→ **COLLECTED MATERIAL**:
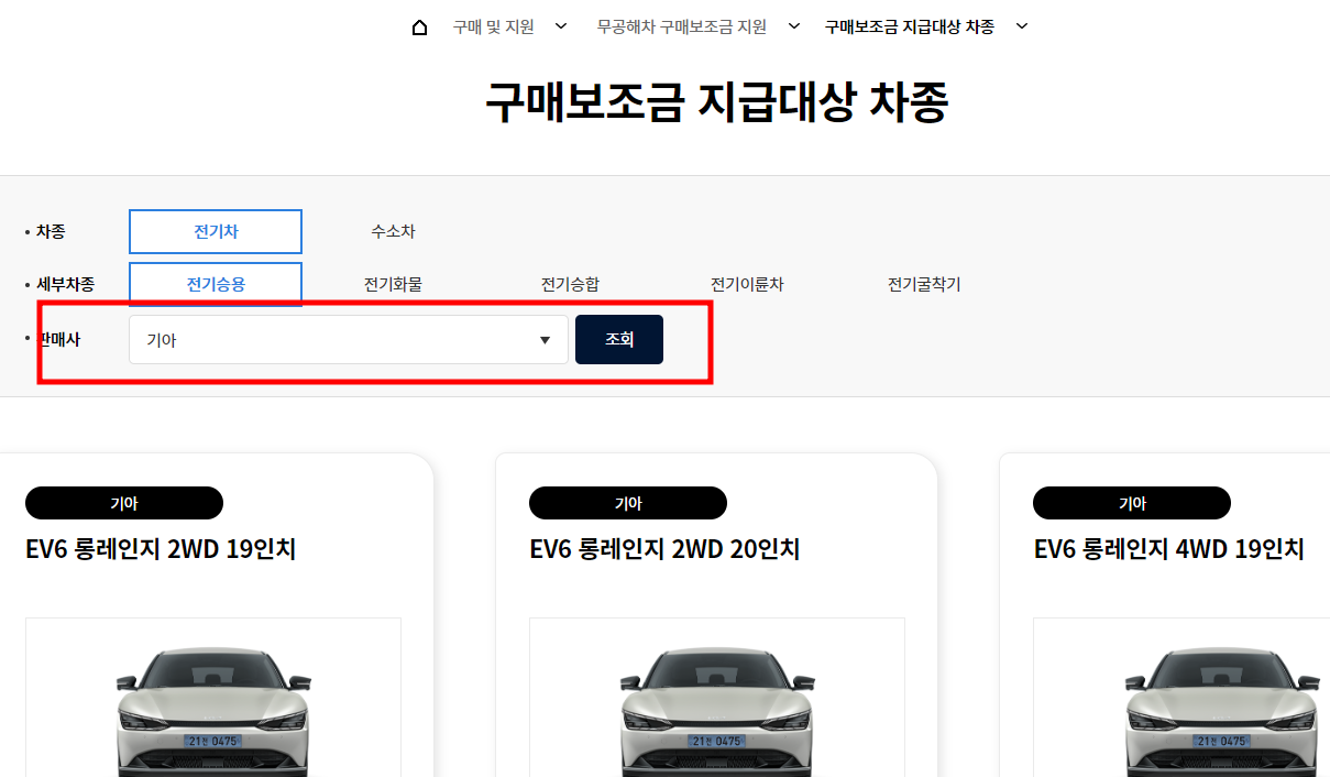구매보조금 지급대상 차종 확인하기
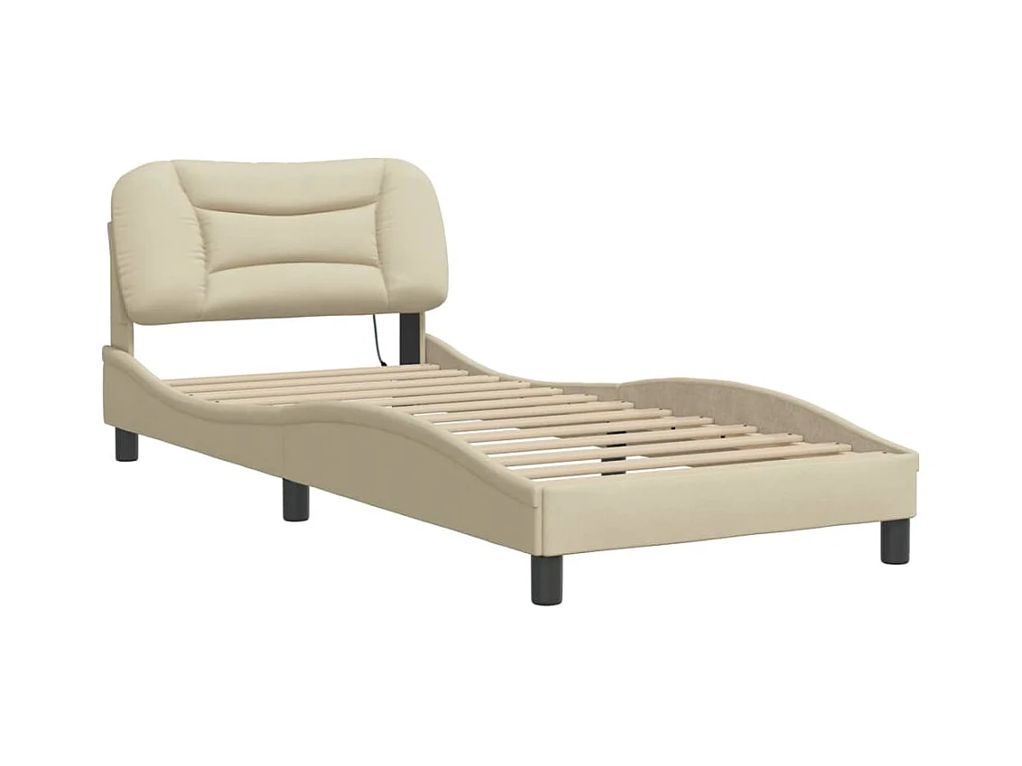 Cadre de lit avec LED sans matelas crème 90x200 cm tissu
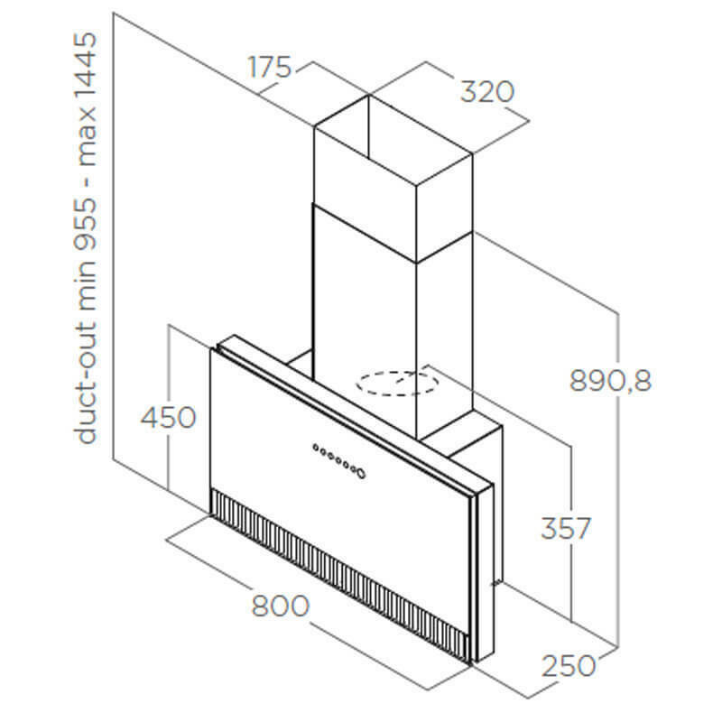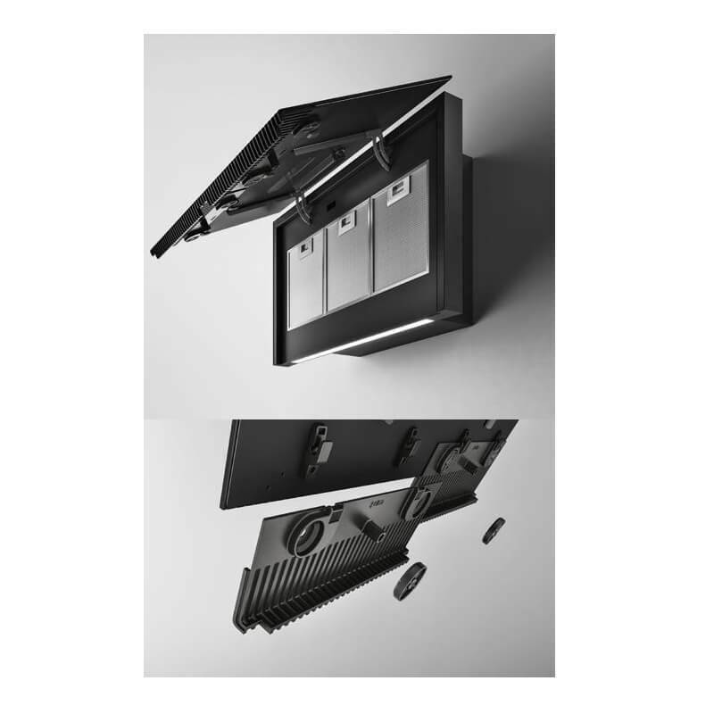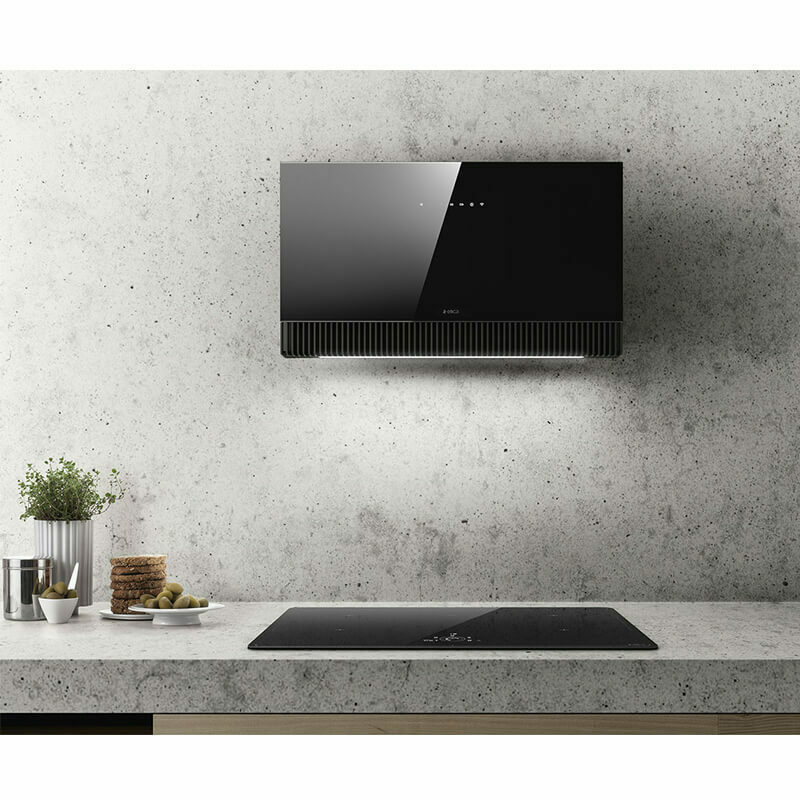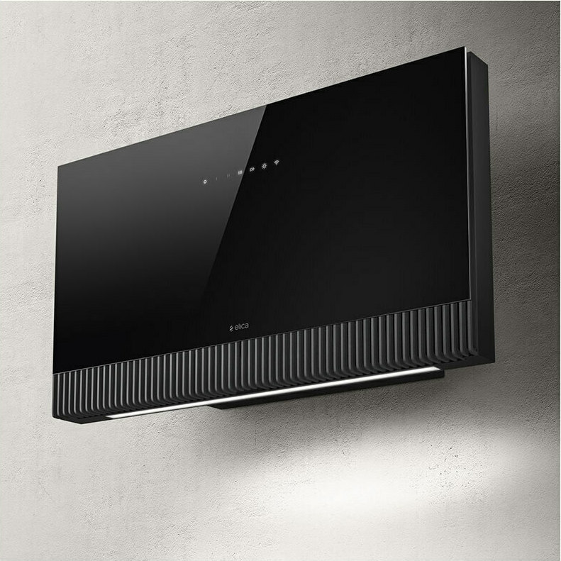 Ο απορροφητήρας της εταιρείας Elica, ενεργειακής κλάσης A, τοποθετείται στον τοίχο. Είναι σχεδιασμένος έτσι ώστε να καλύπτει τον σωλήνα εξαγωγής αέρα και να μοιάζει με καμινάδα.

→ **YOUR GOAL**:
Your job is to reproduce the material exactly. Keep pictures out of it.

→ **RESULT BELOW**:
구매보조금 지급대상 차종 확인하기
 Cadre de lit avec LED sans matelas crème 90x200 cm tissu
 Ο απορροφητήρας της εταιρείας Elica, ενεργειακής κλάσης A, τοποθετείται στον τοίχο. Είναι σχεδιασμένος έτσι ώστε να καλύπτει τον σωλήνα εξαγωγής αέρα και να μοιάζει με καμινάδα.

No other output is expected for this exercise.